In terms of recent history, the mall has included some shovel, backhoe, hardhat, temporary building, chain-link fence, or other implement of construction since August 2008. That year, the Library Mall saw extensive utility construction, which lasted until 2012.

But things didn’t end then. Library Mall is open ground, so even when it hasn’t been undergoing changes itself, it’s served as a staging area for construction in adjacent properties: Alumni Park (begun in 2015 and ending late this year) and Memorial Union (2012 to 2017). Further, the adjoining State Street Mall (the stretch of State on which food carts sell their wares, running from Lake to Park Streets and forming the southern border of Library Mall) was torn up and rebuilt in 2014, and now St.
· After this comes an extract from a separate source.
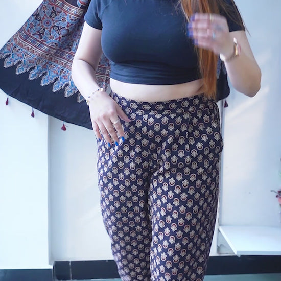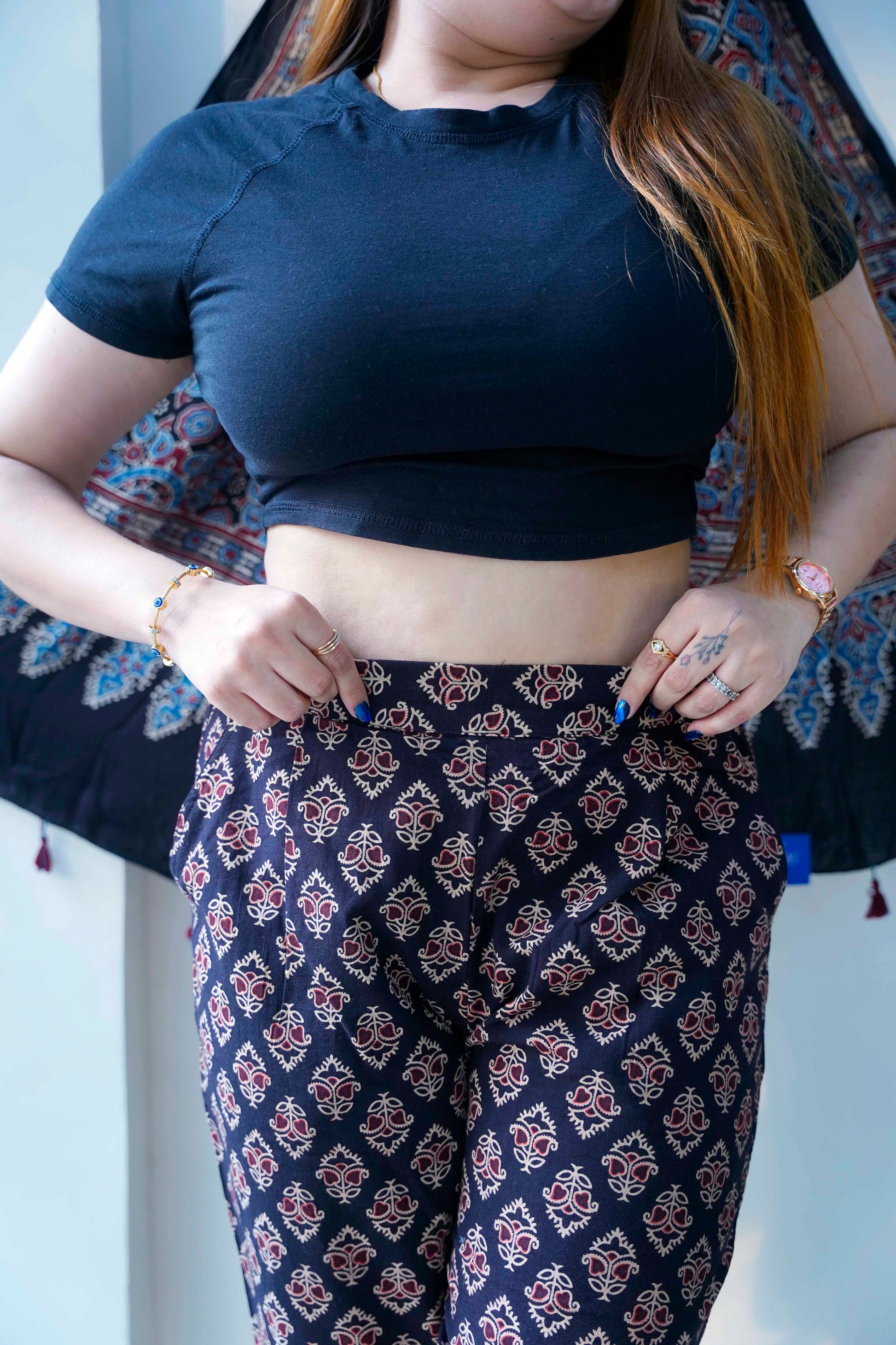 Elevate your ethnic and Indo-western styling with these handcrafted Ajrak print cigarette pants. Inspired by traditional Ajrak block printing, this piece reflects rich heritage artistry with a contemporary tailored silhouette.
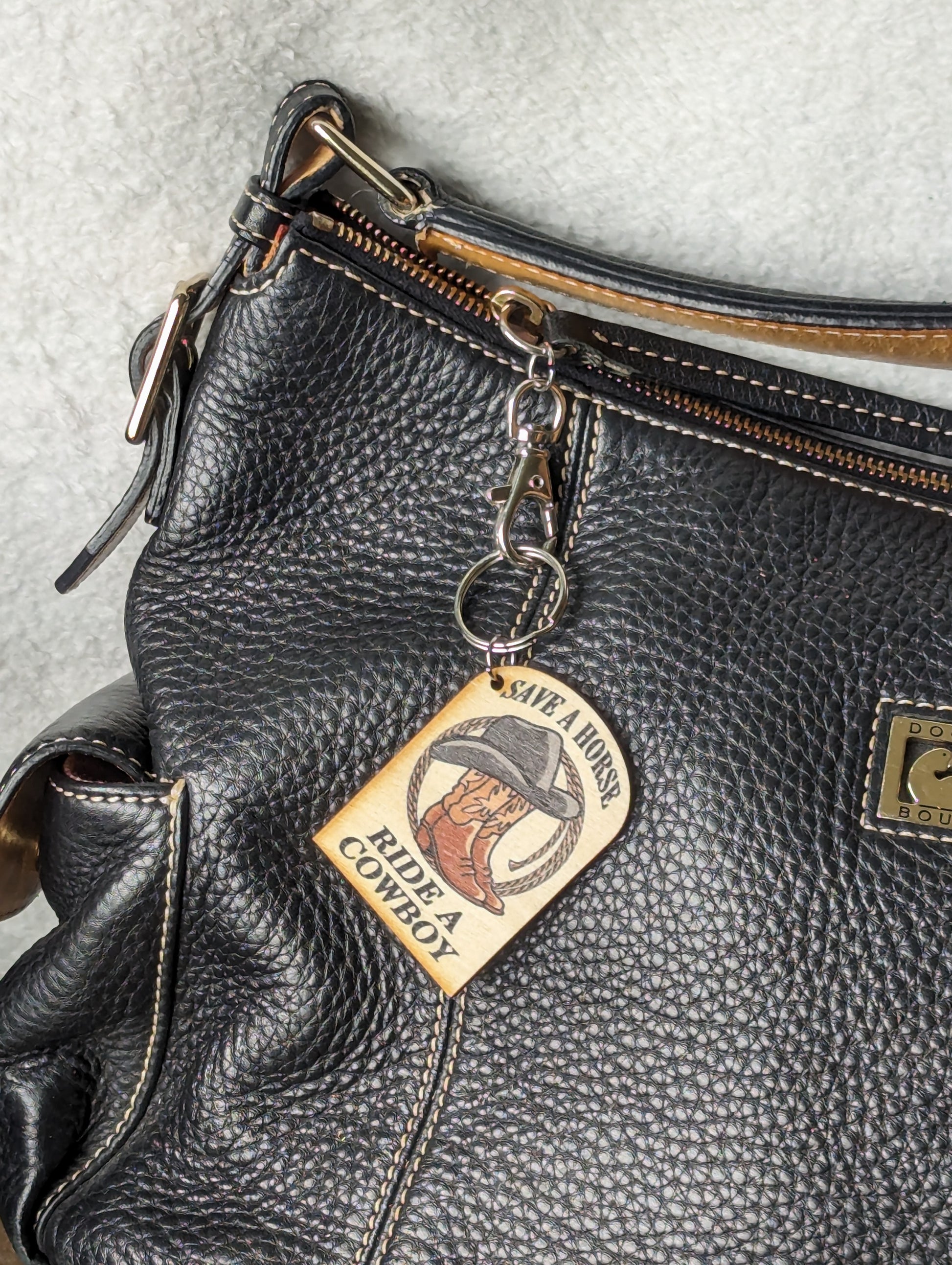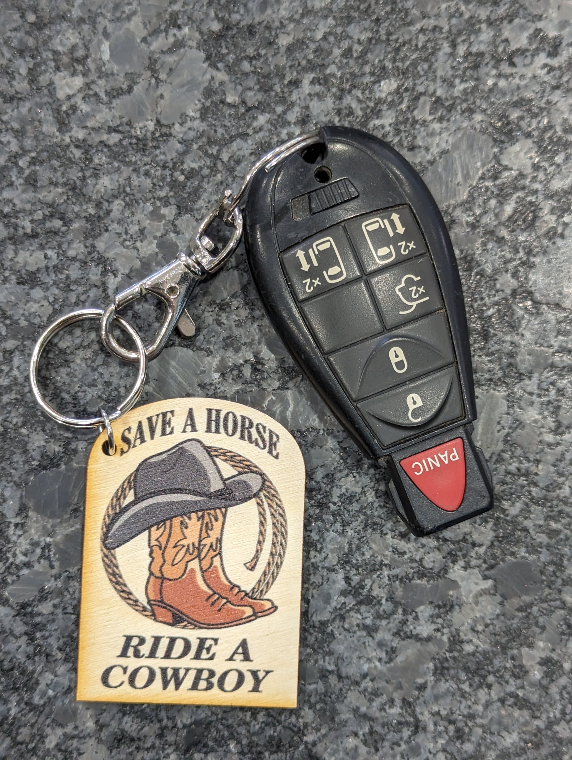 Humorous Gift Keychain Colorful Birchwood Fun Friend Magnet Key Refrigerator Kitchen Workspace USA Made Save A Horse Ride A Cowboy

Paul’s Catholic Center has been torn down and will be rebuilt by summer 2017.

Thus the last undergrads who can remember an unencumbered Library Mall were the freshmen who arrived in 2007, and they graduated five years ago.

But upheaval isn’t unusual for Library Mall. The periods of peace are the aberrations in its history.

What we today call Library Mall became part of campus in 1889, and initially it was an athletic field. This is sensible because it was near the Armory, which served as the UW’s gymnasium (thus the nickname Red Gym). Over the next four decades, some eight buildings sprang up around it.

Following World War II, when the GI Bill brought a rush of new students to campus, Library Mall was used for overflow housing, classrooms, and parking. Several temporary Quonset huts were erected, but temporary meant for nearly a decade, until 1954. The mall didn’t get its current shape until 1958, after the construction of Memorial Library and the removal of the huts.

In the 1960s, the City of Madison decided to close State Street to auto traffic. This gave Library Mall its southern border, but progress was slow, and it took until 1976 to re-create the street as a pedestrian-only zone.

When the mall emerges from this latest flurry of work, it will look a little different. The speaker’s rostrum has been removed from its south end, and the Class of 1923 clock is gone. Then enjoy it while you can — no doubt some new architect will make plans for it soon.